## WHAT THIS TASK INVOLVES
In the material below, find the line containing "成都新航工业科技股份有限公司职业病危害因素定期检测" and the line containing "GREAT BUNCH OF". Output those two lines and all lines between them exactly, without pictures.

## RECORDS
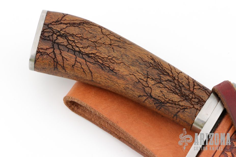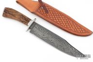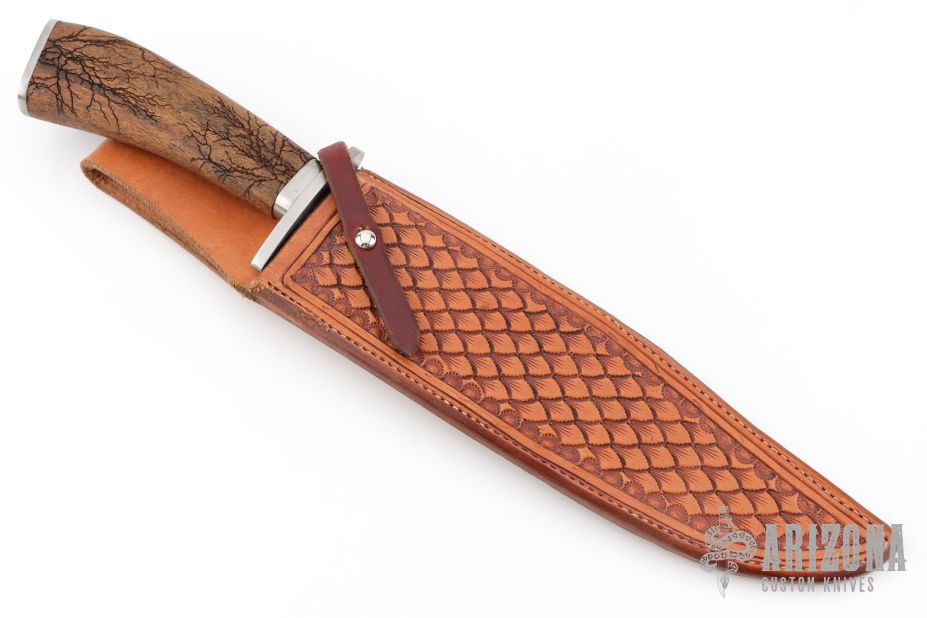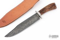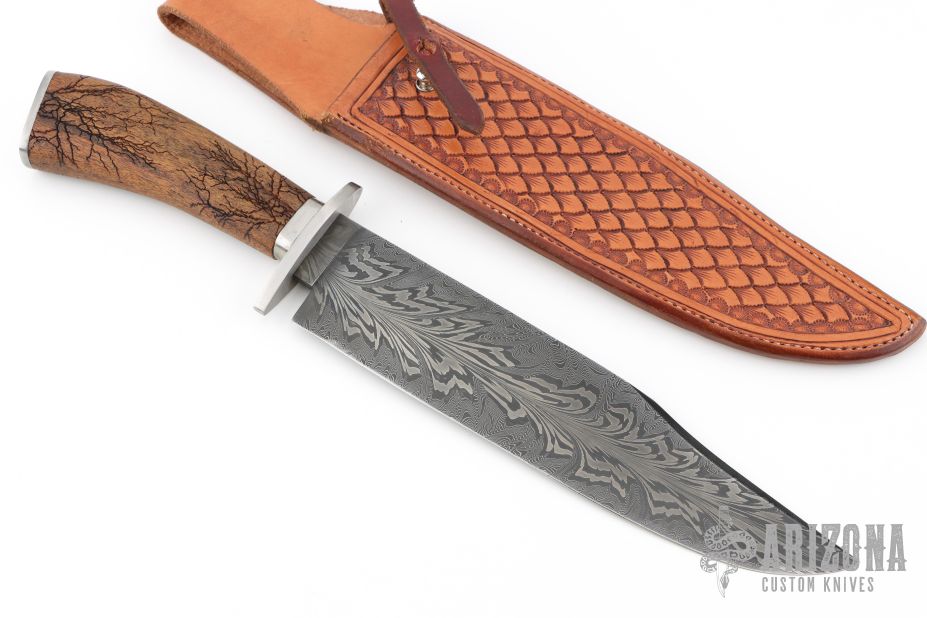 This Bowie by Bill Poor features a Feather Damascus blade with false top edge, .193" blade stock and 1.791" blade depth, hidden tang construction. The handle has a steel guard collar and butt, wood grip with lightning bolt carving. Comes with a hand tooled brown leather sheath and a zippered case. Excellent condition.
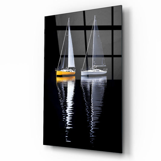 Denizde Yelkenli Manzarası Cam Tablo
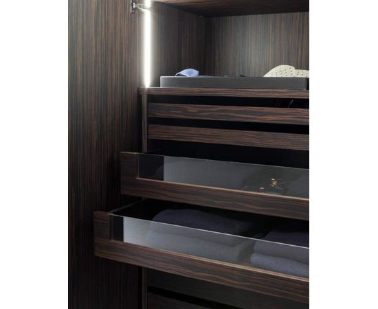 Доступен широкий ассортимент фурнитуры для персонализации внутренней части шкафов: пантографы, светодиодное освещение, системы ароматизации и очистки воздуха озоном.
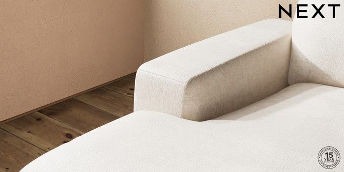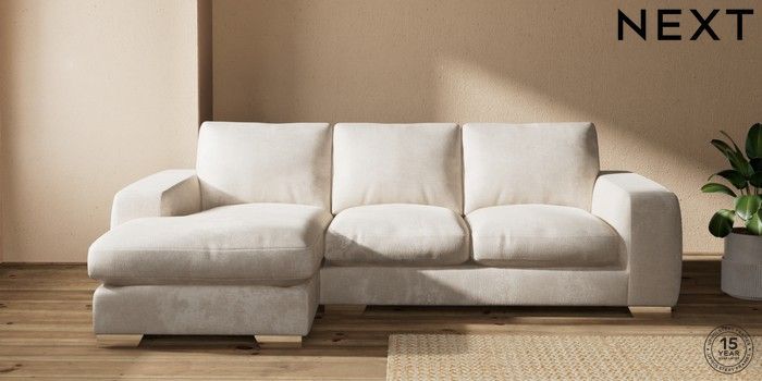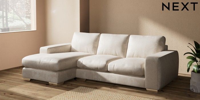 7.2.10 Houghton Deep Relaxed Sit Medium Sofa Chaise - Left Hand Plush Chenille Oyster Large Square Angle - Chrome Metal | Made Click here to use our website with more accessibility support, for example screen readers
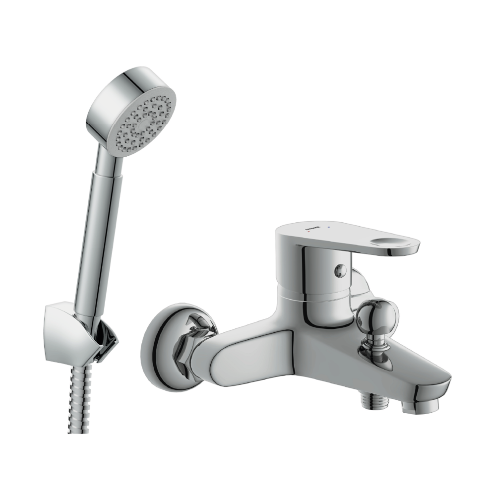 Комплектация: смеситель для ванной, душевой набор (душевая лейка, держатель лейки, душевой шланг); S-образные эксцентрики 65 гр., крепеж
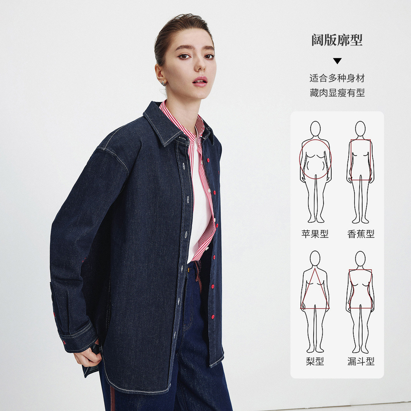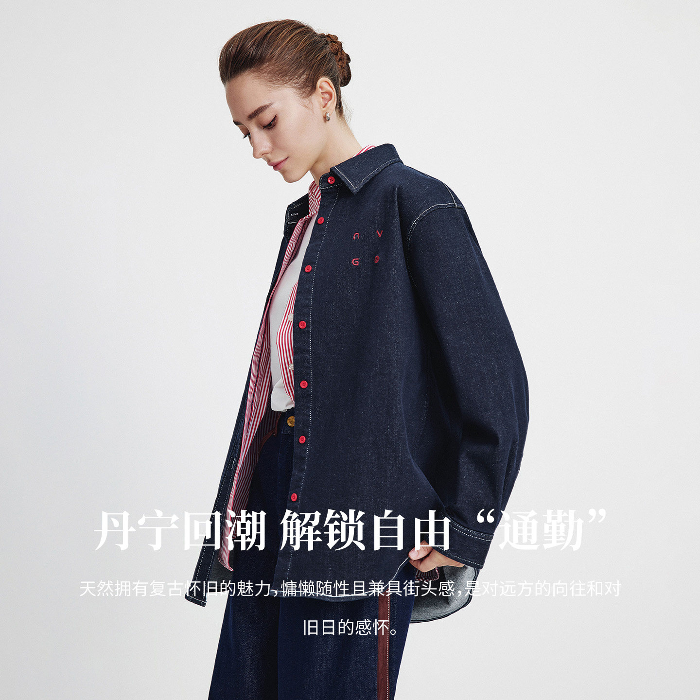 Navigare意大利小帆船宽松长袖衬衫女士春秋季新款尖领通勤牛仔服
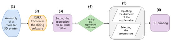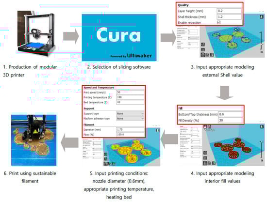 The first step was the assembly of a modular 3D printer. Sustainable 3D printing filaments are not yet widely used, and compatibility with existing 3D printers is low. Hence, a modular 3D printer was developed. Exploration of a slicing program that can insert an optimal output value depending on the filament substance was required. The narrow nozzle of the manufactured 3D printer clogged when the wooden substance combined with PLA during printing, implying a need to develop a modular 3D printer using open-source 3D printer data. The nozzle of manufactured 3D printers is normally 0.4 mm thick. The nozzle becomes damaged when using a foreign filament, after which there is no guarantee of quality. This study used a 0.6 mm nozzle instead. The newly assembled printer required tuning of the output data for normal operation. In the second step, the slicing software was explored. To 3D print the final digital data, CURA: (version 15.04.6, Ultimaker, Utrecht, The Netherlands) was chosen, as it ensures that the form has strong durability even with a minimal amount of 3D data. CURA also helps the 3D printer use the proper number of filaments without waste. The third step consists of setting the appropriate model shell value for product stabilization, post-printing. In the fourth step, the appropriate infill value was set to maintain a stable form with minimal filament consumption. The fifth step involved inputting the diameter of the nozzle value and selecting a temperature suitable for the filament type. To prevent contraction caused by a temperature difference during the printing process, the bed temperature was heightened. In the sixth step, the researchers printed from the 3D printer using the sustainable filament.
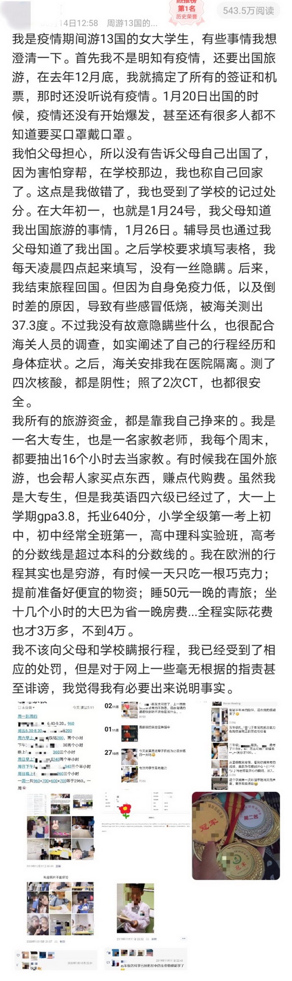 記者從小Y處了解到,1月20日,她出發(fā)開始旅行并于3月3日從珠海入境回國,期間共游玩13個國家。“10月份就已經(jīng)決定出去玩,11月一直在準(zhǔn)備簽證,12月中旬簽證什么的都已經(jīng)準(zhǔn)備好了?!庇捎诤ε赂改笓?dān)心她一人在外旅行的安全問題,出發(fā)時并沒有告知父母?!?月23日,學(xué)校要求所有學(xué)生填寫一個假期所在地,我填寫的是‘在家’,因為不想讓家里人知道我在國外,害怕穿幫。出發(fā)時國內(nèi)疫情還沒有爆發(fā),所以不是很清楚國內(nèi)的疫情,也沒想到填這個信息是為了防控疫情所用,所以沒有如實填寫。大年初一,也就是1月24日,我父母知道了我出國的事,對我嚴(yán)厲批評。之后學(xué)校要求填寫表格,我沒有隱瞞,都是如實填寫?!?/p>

--

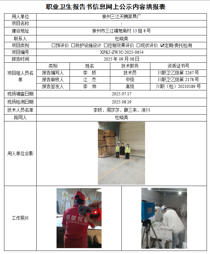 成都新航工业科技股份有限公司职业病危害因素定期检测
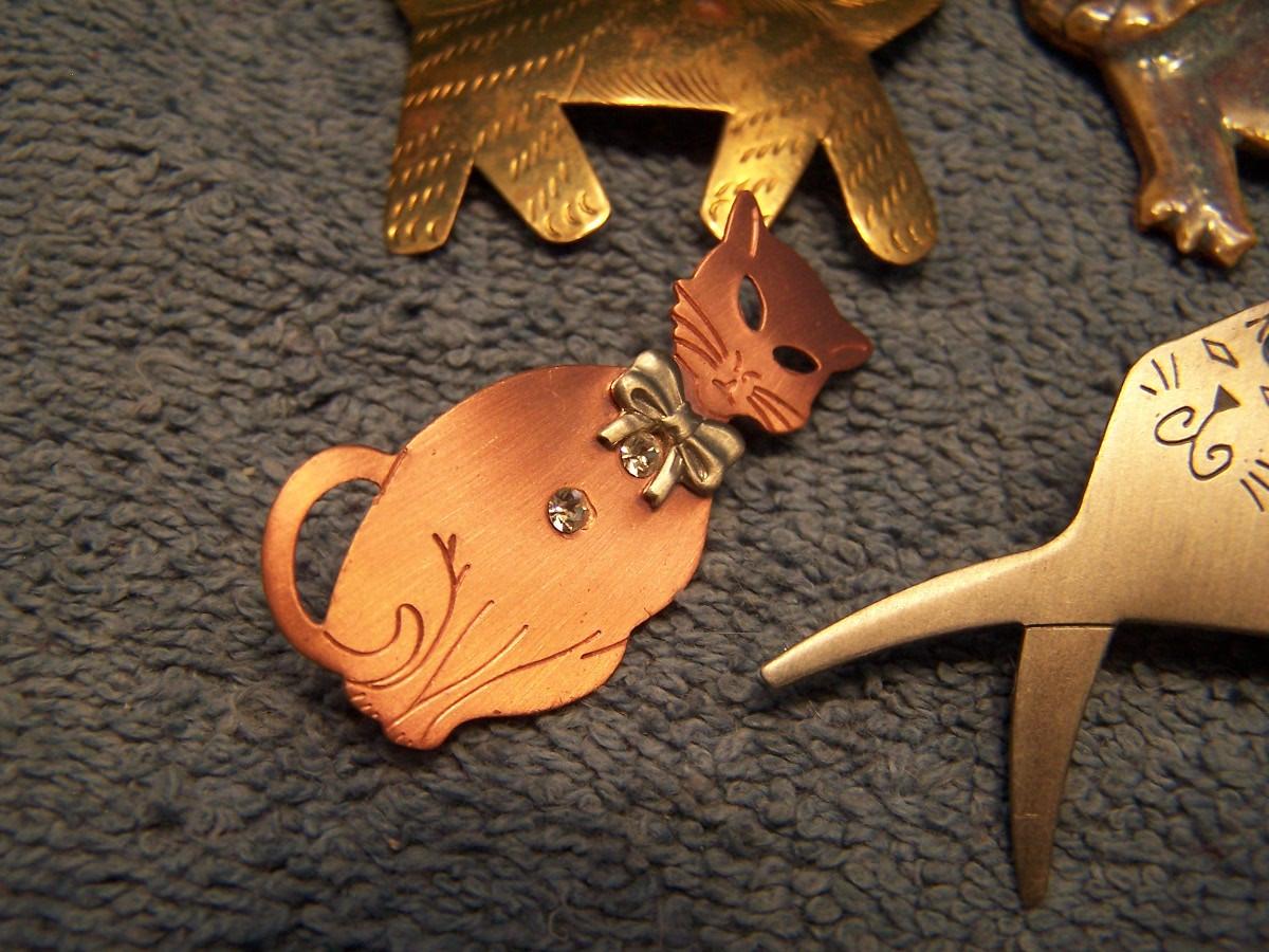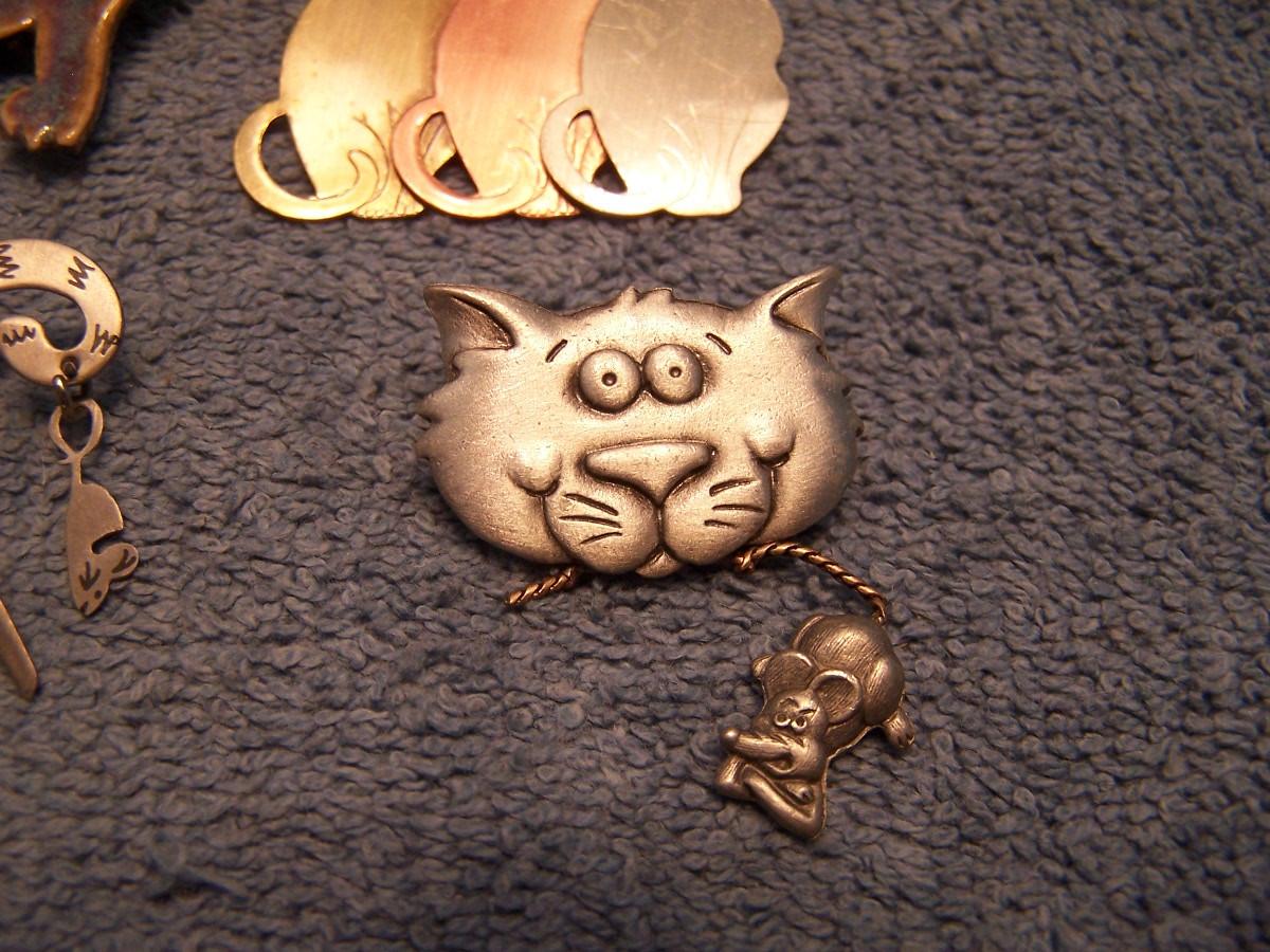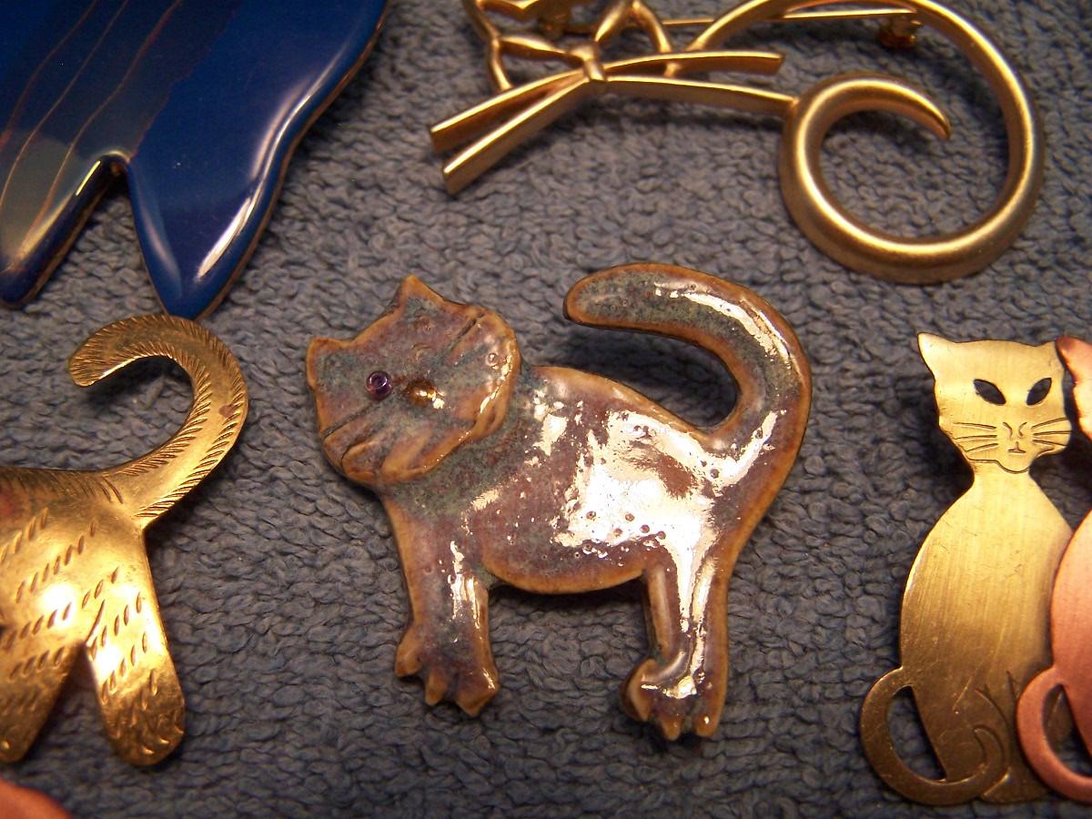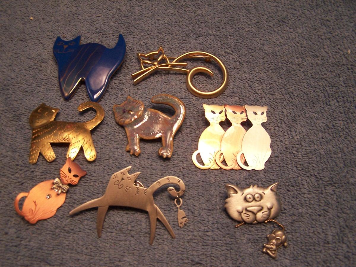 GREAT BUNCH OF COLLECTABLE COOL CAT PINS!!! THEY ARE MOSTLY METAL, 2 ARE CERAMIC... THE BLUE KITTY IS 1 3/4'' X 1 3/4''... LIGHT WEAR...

## WRITTEN RESPONSE
 成都新航工业科技股份有限公司职业病危害因素定期检测
 GREAT BUNCH OF COLLECTABLE COOL CAT PINS!!! THEY ARE MOSTLY METAL, 2 ARE CERAMIC... THE BLUE KITTY IS 1 3/4'' X 1 3/4''... LIGHT WEAR...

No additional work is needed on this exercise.